LAZ Parking, a national company, is in court against Parkland over an eminent domain taking, but I wasn't able to get them on the horn in spite of multiple tries. They must see my role as possibly driving down their price instead of inflating it. Hey, I just do my job.
The 2008 study was carried out by HDR, the firm that later became the principal architect for the new Parkland campus. Called "Reality Test Findings," the 46-page document analyzed an area between the existing hospital and Maple Avenue, most of it later acquired by Parkland, and divided it into three broad categories. Some of it, where buildings are now under construction, is labeled "Clearly Hospital" in the report.
A plot along Maple next to the new DART station is labeled "Clearly TOD," or transit-oriented development. The report suggests the "Clearly TOD" area, most of which also is now in Parkland's hands, will bring in high dollars as residential and retail property benefiting from the proximity of the new rail station. The report advises Parkland to buy that area and hold it until the effect of the rail station kicks in, then sell or partner in the development of it.
A middle zone of property, which includes Swift's house, is labeled "Overlap Zone." It could go either way. Maybe Parkland does decide to keep it and use it for even more hospital construction. Or maybe instead the TOD zone grows larger than expected, and Parkland peddles or partners on some of the land in the overlap zone for TOD projects.
Most of the land Parkland has acquired since 2008 in the TOD Zone is now in use as a nicely finished, 1,800-space surface parking lot for employees, which Jones says the hospital needs and puts to good use.

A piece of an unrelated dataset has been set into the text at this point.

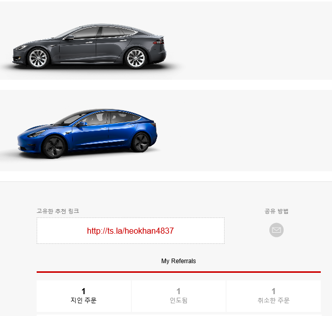 그리고 계정홈에서 보이는 두대의 테슬라 ㅋㅋ

"It's the nicest parking lot I've ever built," he says.
Jimmy Swift is a single man who inherited his modest little house some years ago from his father and was in the process of remodeling it as a home and machine shop. He says he didn't need to sell and didn't want to sell.
"I've got teacher's retirement pay and Social Security," he says. "I don't need their damn money."
I can also read that as saying he has the means to hold out for a better price. In any event, Swift strikes me as someone who will be able to take care of himself.
Here is what's interesting to me. Dallas is a pretty conservative place. What do you think would have happened if this idea ever had been put to the public? How would we even have proposed it?
Let's give the hospital district $1.3 billion in public money to spend, arm it with eminent domain and then turn it into a going and blowing player in the local real estate market. Hmm?
Parkland can't be separated from its own history or context. Thanks to a ghastly panoply of medical horror stories unearthed by The Dallas Morning News over the last two years, the public hospital portion of Parkland is in danger of being closed by the federal government.
Meanwhile, some of Parkland's tonier sister institutions have an unseemly history of lavish excess — red carpet treatment for big shots and a scandal, also unearthed by the News, over the baronial lifestyle of former U.T. Southwestern president Kern Wildenthal.
The chairman of the Parkland board committee overseeing the new campus project is Louis A. Beecherl III, scion of a family long involved in land-use issues along the Trinity River.
For a place that can't keep its patients alive on the psych ward, Parkland sure draws an awful lot of interest from the silk-stocking set in this city. Not saying that has to be a bad thing. Maybe it's just a splendid example of voluntarism.
But are we sure we know what's going on over there? Do we even have the slightest idea? Aren't we supposed to have the slightest idea? That's an awful lot of power and glory in some very quiet hands.